/data_cacher

A general and efficient dataloader for TartanAir-style datasets

Primary LanguagePythonBSD 2-Clause "Simplified" LicenseBSD-2-Clause

Loading Multi-Modal Sequential Data

A general and efficient dataloader for TartanAir-style datasets

Motivation

Data loading becomes a bottleneck when training a multi-modal sequential model. For example, training a sequential TartanVO model needs to load RGB and flow images. With a batchsize of 64 and a sequence length of 100, each iteration requires 64000 RGB images and 64000 flow images. Although the loading speed can vary a lot on different devices, loading such a large number of images is generally a big challenge as shown in the following table.
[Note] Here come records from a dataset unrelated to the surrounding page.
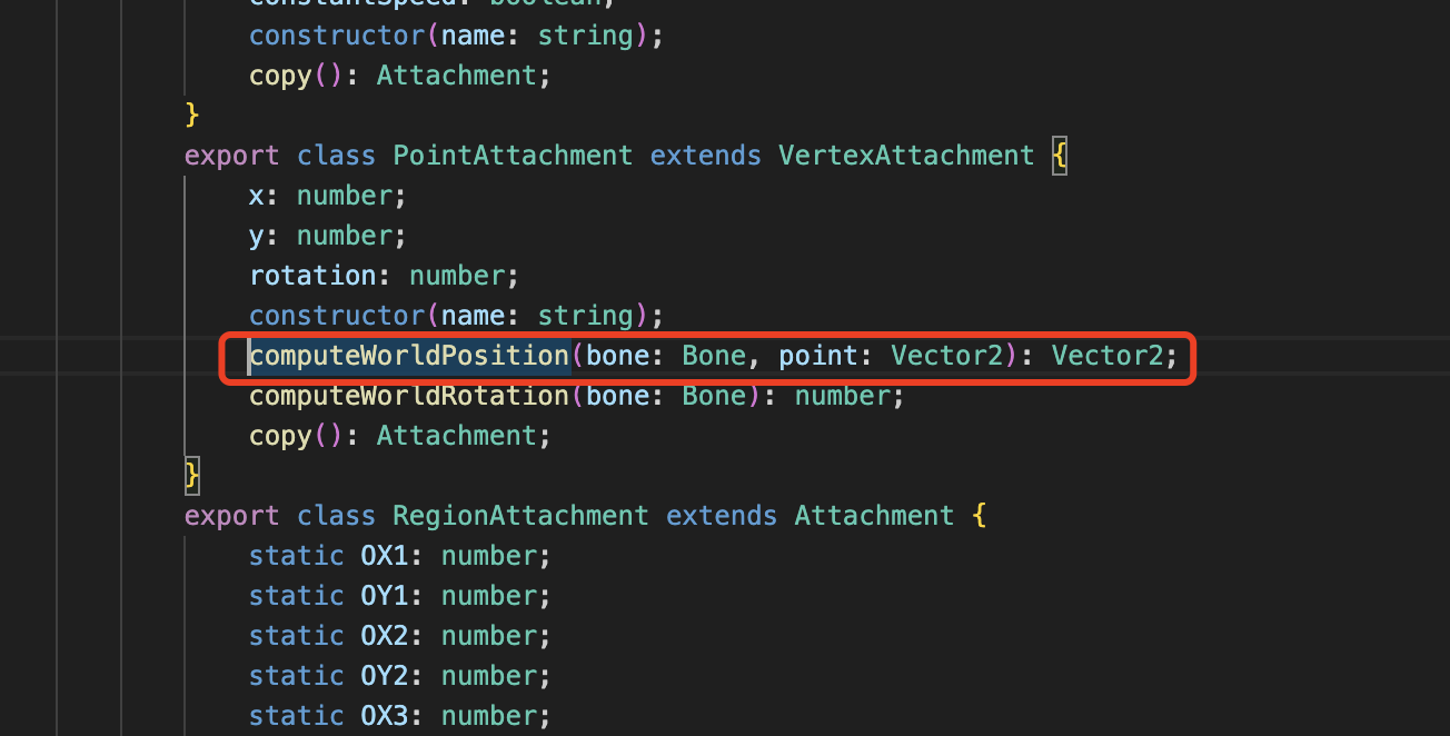 在使用spine的时候,获取到PointAttachment实例调用computeWorldPosition方法,目前computeWorldPosition的定义是:
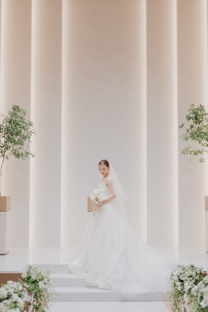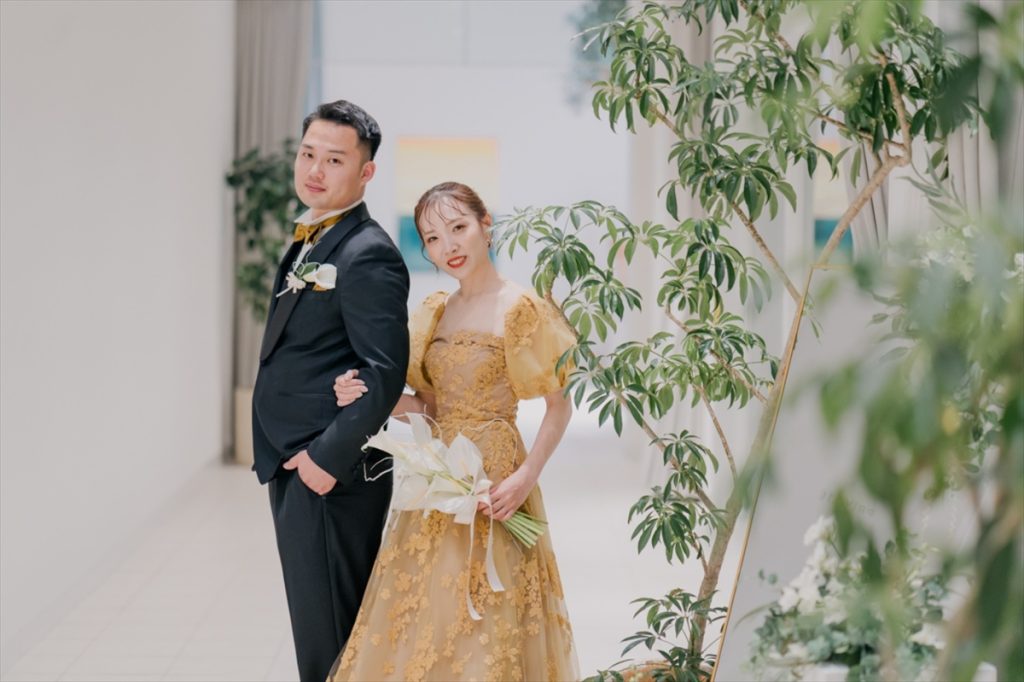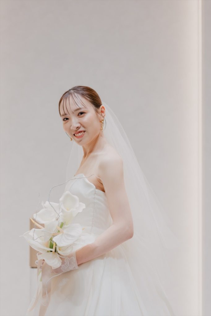 さやかさんが選ばれたドレスはB.DRESSERオリジナルブランド【meyou】のウエディングドレス。洗練された艶めきにこだわったサテンの美しさが魅力の一着です。とてもよくお似合いです!
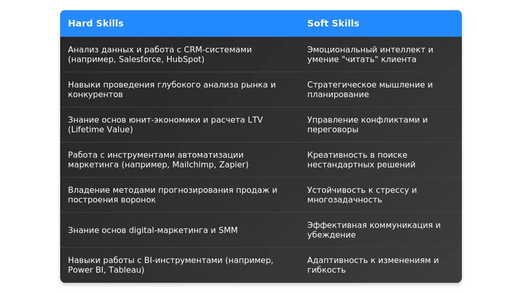 - Ключевые навыки (коммуникация, переговоры, CRM-системы).
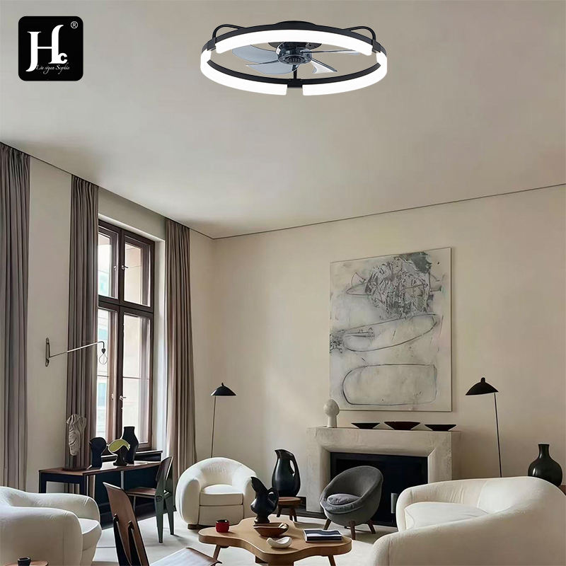 Ventilateur de plafond intelligent LED de 19,7 pouces avec lumière LED pour la lecture, rotatif, pour salon, maison, avec télécommande
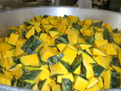 かぼちゃのクリームシチューは、旬のかぼちゃを小学校分で11個も使用しました!
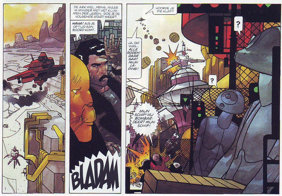 During the 1980s and 1990s, Matena was present in a great many magazines, while experimenting with several styles and genres. In addition to Eppo, Donald Duck and Tina, he contributed to the Dutch edition of Playboy magazine with four oil-painted stories starring the character 'Titia' (1985-1986). For Eppo's successors Sjors en Sjimmie Stripblad and SjoSji, Matena returned to the science fiction genre with the painted comic 'Alias Ego' (1993-1996), about the shady dealings of a space pirate and his lion-like partner-in-crime, Prins. For their adventures, Matena crafted a completely new world called The Ledge, which was a cross between a pirate lair and Charles Dickens' London. Two of the three stories were collected in book format by Big Balloon.
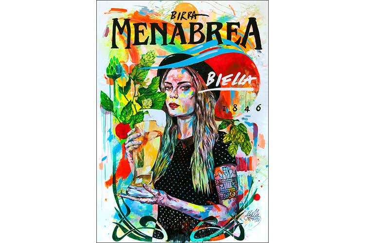 È del pittore Max Petrone l’opera dedicata a Birra Menabrea, dal titolo “1846”, la data di nascita dell’azienda che quest'anno celebra 170 anni di attività. Una grande tela (150x210 cm), che vede rappresentato il mondo del brand biellese: la bionda e la sua birra, il marchio, il luppolo, la città. Uno stile molto contemporaneo e street quello di Max, coloratissimo e dalla pennellata veloce, declinato in questo progetto con uno sguardo al passato, progettato e realizzato come un manifesto pubblicitario alla maniera di una volta.

Even if accelerated using multiple workers, it is still far from satisfactory. In addition, the loading speed doesn't necessarily grow with the worker number depending on the type of storage.

Time of loading 64K images (s) Load RGB Load flow Total time
Desktop w/ SSD 7 36 43
Cluster w/ mechanical harddrive 67 95 162
Cluster w/ networked storage 20 40 60

Basic Ideas

When randomly loading sequences from a bunch of trajectories, different sequences might have a large overlap (as in the figure below), which results in loading the same image multiple times. Because the most time-consuming thing is loading data from the storage (SSD, hard drive, or networked storage) to the RAM. The idea to accelerate the loading is to cache a subset of trajectories in RAM, and load sequences from these cached trajectories exclusively before the next cache is loaded.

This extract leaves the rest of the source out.